▶ [Exercise brief] Without the pictures, output the lines of the material from the very first through the one that holds "Worker warming himself".

═══ Dataset entries ═══

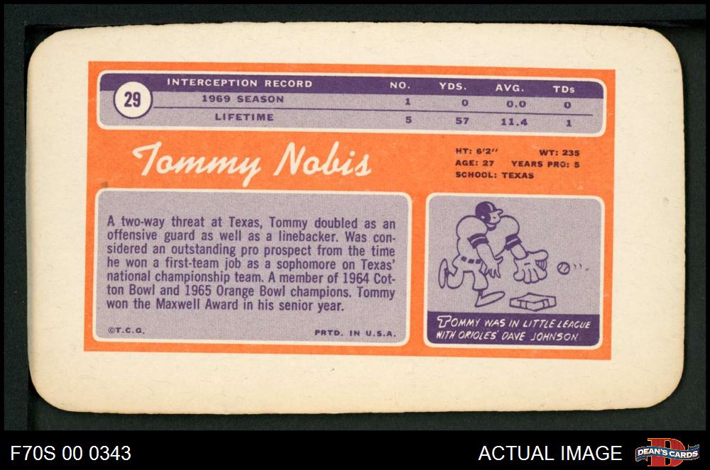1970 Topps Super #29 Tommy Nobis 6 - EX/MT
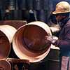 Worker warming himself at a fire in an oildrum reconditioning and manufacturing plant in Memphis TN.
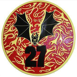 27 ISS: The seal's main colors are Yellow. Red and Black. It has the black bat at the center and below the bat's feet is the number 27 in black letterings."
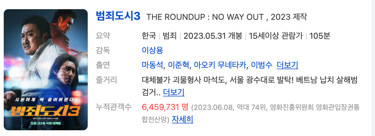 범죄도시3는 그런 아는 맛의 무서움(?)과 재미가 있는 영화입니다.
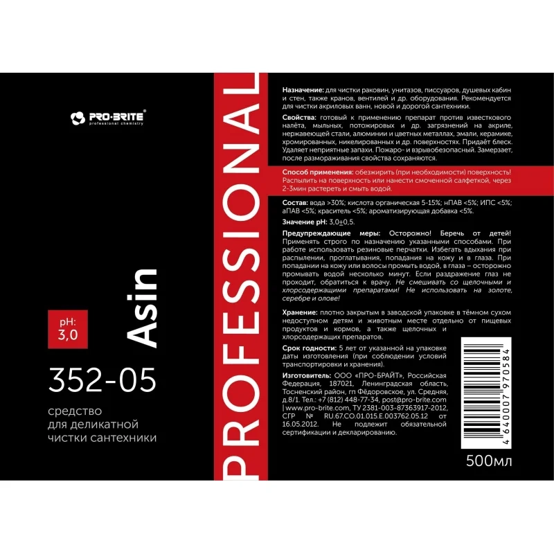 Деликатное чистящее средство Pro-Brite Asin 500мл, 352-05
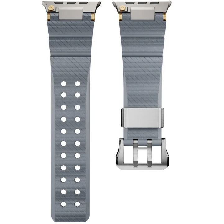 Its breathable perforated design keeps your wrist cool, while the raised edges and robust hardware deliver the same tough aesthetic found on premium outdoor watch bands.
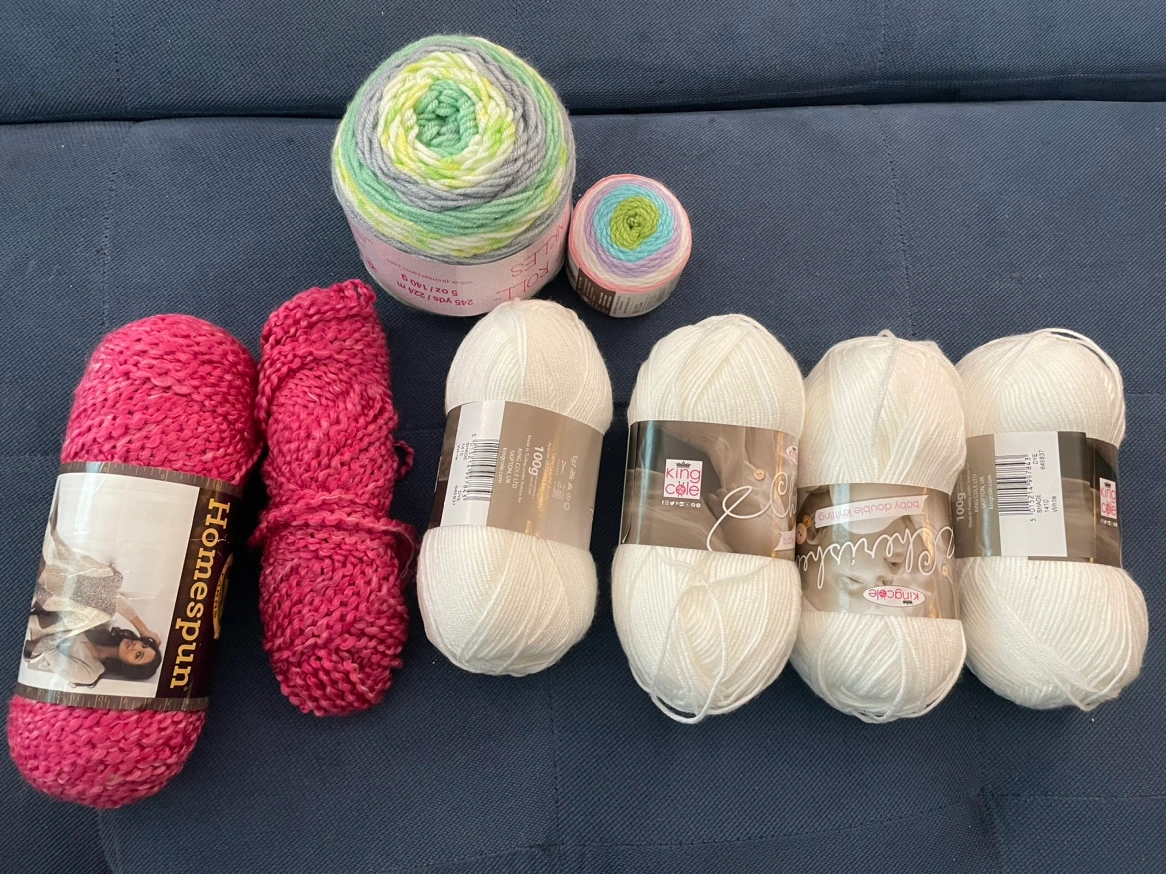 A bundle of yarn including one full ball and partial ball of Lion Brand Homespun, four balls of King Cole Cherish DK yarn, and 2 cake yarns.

═══

▶ [Answer box]
1970 Topps Super #29 Tommy Nobis 6 - EX/MT
 Worker warming himself at a fire in an oildrum reconditioning and manufacturing plant in Memphis TN.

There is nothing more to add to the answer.